The individual, in both cases, was James Blanning, who later killed himself in a nature preserve near Aspen after shutting down the town’s downtown area on one of the busiest nights of the year. Blanning, 72, had grown up in Aspen and spent much of his life there, but had become embittered when his manipulations of mining claims put him in prison instead of in the lap of luxury.

Interestingly, a coalition of restaurants in Aspen is suing the estate of Blanning, whose bomb threats closed down 16 square blocks of the downtown area for much of the afternoon and evening. Scott Brasington, a restaurateur, told theAspen Daily News that the lawsuit is to “make a statement … We feel it belongs to the restaurant workers who took a huge hit. It’s not just the restaurant owners – it’s the waiters, the waitresses, the bartenders, the guys in the kitchen.”

Several eateries reported losing $30,000 or more that night, which is typically one of the busiest and most profitable nights for restaurants in Aspen


Minturn development forges ahead

MINTURN – Things have gone down the toilet for the Ginn Co. at several of its real-estate projects in the Southeast. Does that mean its plans for a high-end, 1,700-unit project on former mining properties in the Vail-Minturn-Red Cliff area are headed for the same place?

No, says Ryan Julison, the company spokesman. “Every project is its own legal entity,” he tells theVail Daily.

The newspaper also talked with a Florida real estate observer, Don “Toby” Tobin, who seems to think that the “Ginn brand has been tarnished.”

Again, Ginn Co. spokesman Julison disagrees. “If this (financial trouble) was just us, it would be a big deal,” he said. “But we’re in the midst of an economic slowdown that’s unprecedented.”

Ginn’s project for about 5,000 acres last year was annexed by Minturn, but development planning has been put on hold. Minturn officials have received $600,000 in cash from the developer as per the annexation agreement, but another $11.6 million is in escrow for a recreation center and other improvements. The money, however, can’t be touched until the company gets its final development approvals.

TheVail Daily says that the Ginn Co. in early January filed for Chapter 7 bankruptcy for two of its resorts in Florida and announced a sale and restructuring of two others, which are located in North Carolina and the Grand Bahaman. The sales were necessary to repay $675 million in loans issued by Credit Suisse.


Whistler sees unstable snowpack

WHISTLER, B.C. – Avalanches are normally a lesser problem at the Whistler and Blackcomb ski areas as compared to ski areas in higher, drier and more inland locations. But this is not a normal year. Two men have died in avalanches while skiing or snowboarding on trails closed due to the high avalanche danger.
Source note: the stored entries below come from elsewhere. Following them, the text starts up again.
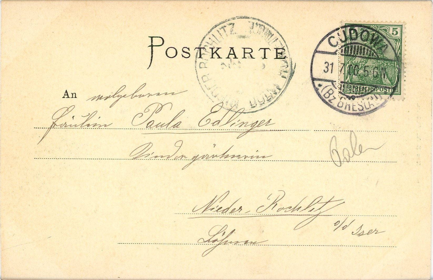 Nakł. Max Mader, Kudowa. Kartka zapisana, dat. 31.7.1900 r. Stan bardzo dobry.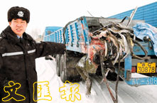 瀋陽─四平高速公路發生大巴撼貨車嚴重交通意外。圖為交警向記者指出碰撞點。(新華社)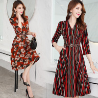 莞馨长袖连衣裙高腰显瘦修身2017春秋新款中长款气质名媛印花打底裙子
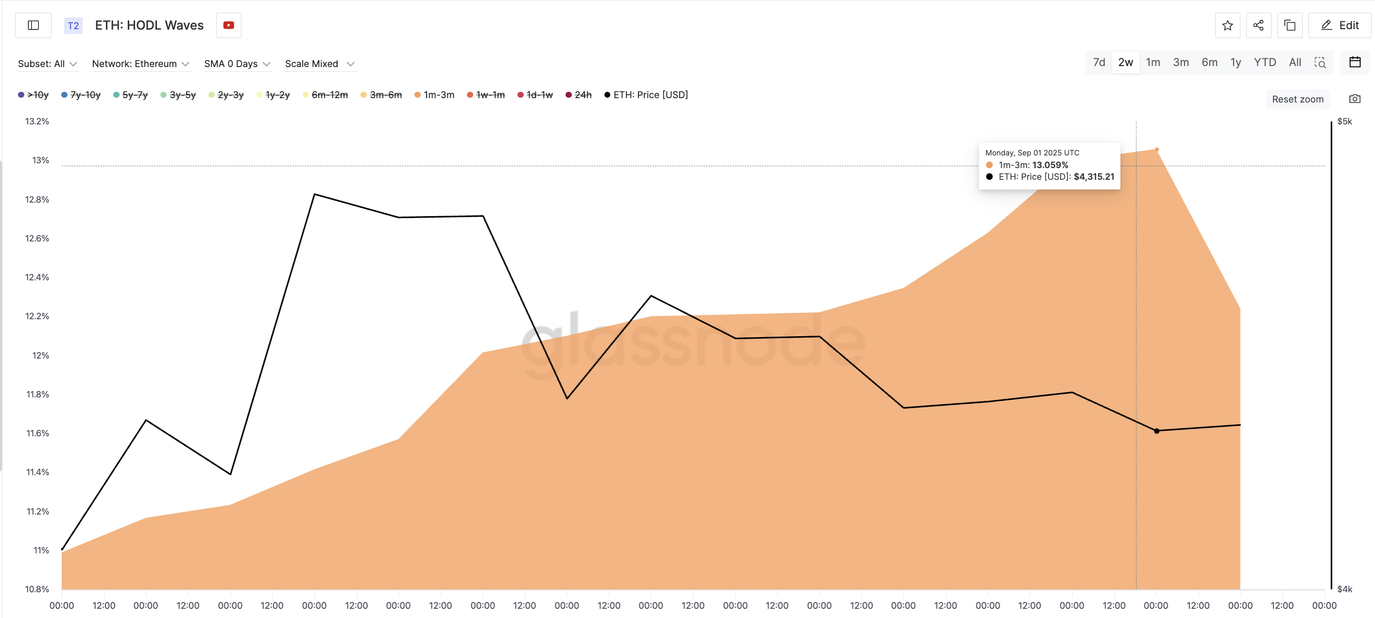Det mer överraskande är att gruppen som är mest benägen att ta vinst — innehavare på en till tre månader — har ökat sitt utbud. Deras andel steg från 10,9 % till 13 % på bara två veckor, trots att ETH gav över 20 % månadsvis och mer än 68 % på tre månader.

The deaths prompted Intrawest, operator of the ski areas, to announce it would suspend skiing privileges for those caught in closed areas. In addition, ski area officials recruited Chris Stethem, an authority on snow science, to speak in Whistler.

“We are dealing with a continental snowpack more common in the Rockies,” he said. “This deep-seated instability hasn’t been seen to this degree (in the Whistler region) since the late ’70s. It requires backcountry users to tread cautiously and inbounds avalanche control to be undertaken with extra vigilance.”


Taos learns to navigate roundabout

TAOS, N.M. – Taoseños, as residents of Taos call themselves, are becoming familiar with how a traffic roundabout works.

Police told theTaos News that there had been no accidents at a new roundabout in Taos, the first on a highway in New Mexico. “Yes, they might scare themselves after going through the first time,” said Glen Baker, a high construction manager. “But it seems that regular travelers are getting the hang of it.”

Indeed, that was the case at Vail, which in the mid-1990s deployed the first modern roundabout in the West. There were predictions of mayhem, but the experience there – now replicated at hundreds of other locations – showed very much the contrary. While there is always a bit of anarchy in the flow of traffic, there are actually fewer accidents at roundabouts than at intersections governed by stop-signs or traffic signals. As well, the roundabouts accommodate much larger volumes of traffic.